▶ **SOURCE DATA**

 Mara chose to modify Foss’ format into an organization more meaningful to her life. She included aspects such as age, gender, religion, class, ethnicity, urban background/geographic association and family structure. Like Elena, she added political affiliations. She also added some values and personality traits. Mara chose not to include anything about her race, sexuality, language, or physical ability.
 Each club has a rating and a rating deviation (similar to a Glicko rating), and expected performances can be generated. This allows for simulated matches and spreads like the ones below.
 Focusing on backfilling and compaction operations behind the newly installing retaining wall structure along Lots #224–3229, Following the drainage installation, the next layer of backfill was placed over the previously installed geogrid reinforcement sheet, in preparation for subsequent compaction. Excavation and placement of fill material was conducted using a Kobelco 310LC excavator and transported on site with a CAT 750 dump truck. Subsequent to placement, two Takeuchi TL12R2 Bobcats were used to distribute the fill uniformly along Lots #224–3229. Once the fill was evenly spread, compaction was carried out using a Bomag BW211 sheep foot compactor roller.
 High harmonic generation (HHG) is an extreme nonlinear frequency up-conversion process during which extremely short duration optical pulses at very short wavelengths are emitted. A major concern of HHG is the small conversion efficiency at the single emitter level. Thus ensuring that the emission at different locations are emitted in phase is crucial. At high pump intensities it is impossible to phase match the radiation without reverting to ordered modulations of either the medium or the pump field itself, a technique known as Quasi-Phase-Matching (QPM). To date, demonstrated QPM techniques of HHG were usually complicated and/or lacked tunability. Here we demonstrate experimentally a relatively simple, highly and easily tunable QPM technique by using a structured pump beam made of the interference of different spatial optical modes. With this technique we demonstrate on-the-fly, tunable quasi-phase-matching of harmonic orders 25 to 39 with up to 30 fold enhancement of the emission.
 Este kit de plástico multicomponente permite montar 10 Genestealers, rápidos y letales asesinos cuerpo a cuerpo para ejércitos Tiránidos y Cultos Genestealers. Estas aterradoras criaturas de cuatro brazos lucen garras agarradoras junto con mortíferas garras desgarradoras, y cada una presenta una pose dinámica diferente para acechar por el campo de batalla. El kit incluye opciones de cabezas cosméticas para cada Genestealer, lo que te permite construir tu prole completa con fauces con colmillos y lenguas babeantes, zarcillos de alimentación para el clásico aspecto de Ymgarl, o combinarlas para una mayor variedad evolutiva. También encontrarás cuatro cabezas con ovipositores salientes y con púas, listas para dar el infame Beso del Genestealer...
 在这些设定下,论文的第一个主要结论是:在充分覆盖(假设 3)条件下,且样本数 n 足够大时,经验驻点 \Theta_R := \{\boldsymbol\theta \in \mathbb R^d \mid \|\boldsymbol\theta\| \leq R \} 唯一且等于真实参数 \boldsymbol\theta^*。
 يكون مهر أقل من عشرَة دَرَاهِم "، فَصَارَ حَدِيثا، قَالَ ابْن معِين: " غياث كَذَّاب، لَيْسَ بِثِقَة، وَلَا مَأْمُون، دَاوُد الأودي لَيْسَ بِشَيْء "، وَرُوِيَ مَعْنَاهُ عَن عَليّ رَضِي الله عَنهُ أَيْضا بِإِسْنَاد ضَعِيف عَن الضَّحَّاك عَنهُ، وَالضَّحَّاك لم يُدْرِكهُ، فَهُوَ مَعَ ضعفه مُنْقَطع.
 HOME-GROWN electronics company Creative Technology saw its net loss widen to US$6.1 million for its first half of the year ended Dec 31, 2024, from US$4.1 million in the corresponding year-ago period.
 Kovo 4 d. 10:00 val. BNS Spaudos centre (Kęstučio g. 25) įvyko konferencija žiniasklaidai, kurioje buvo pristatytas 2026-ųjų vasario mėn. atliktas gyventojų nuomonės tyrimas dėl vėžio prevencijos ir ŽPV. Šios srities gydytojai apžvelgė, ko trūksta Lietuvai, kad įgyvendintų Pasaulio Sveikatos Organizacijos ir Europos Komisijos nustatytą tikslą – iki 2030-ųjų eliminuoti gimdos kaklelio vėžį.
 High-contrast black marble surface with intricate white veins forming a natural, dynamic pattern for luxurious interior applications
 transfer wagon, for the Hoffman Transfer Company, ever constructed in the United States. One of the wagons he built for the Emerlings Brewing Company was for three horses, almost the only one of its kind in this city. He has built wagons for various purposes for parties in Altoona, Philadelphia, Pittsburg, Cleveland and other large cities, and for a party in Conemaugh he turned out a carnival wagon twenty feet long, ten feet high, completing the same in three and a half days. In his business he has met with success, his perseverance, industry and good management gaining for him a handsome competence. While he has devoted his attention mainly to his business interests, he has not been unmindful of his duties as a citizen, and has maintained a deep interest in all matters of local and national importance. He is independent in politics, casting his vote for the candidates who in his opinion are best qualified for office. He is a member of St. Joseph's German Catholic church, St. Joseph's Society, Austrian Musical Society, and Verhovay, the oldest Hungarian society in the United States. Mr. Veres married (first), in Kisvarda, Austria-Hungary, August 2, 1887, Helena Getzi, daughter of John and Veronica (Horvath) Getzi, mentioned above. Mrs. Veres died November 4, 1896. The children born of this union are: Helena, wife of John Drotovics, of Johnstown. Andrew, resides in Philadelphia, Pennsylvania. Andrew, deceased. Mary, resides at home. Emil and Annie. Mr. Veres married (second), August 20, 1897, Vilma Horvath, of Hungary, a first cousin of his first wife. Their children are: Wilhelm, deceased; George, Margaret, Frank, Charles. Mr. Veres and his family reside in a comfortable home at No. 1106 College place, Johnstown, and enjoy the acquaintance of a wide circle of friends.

▶ **EXERCISE BRIEF**
Could you return exactly the lines above from the line with "在这些设定下,论文的第一个主要结论是:在充分覆盖(假设 3)条件下,且样本数 n" to the line with "HOME-GROWN electronics company", both included, and nothing else?

▶ **EXERCISE ANSWER**
 在这些设定下,论文的第一个主要结论是:在充分覆盖(假设 3)条件下,且样本数 n 足够大时,经验驻点 \Theta_R := \{\boldsymbol\theta \in \mathbb R^d \mid \|\boldsymbol\theta\| \leq R \} 唯一且等于真实参数 \boldsymbol\theta^*。
 يكون مهر أقل من عشرَة دَرَاهِم "، فَصَارَ حَدِيثا، قَالَ ابْن معِين: " غياث كَذَّاب، لَيْسَ بِثِقَة، وَلَا مَأْمُون، دَاوُد الأودي لَيْسَ بِشَيْء "، وَرُوِيَ مَعْنَاهُ عَن عَليّ رَضِي الله عَنهُ أَيْضا بِإِسْنَاد ضَعِيف عَن الضَّحَّاك عَنهُ، وَالضَّحَّاك لم يُدْرِكهُ، فَهُوَ مَعَ ضعفه مُنْقَطع.
 HOME-GROWN electronics company Creative Technology saw its net loss widen to US$6.1 million for its first half of the year ended Dec 31, 2024, from US$4.1 million in the corresponding year-ago period.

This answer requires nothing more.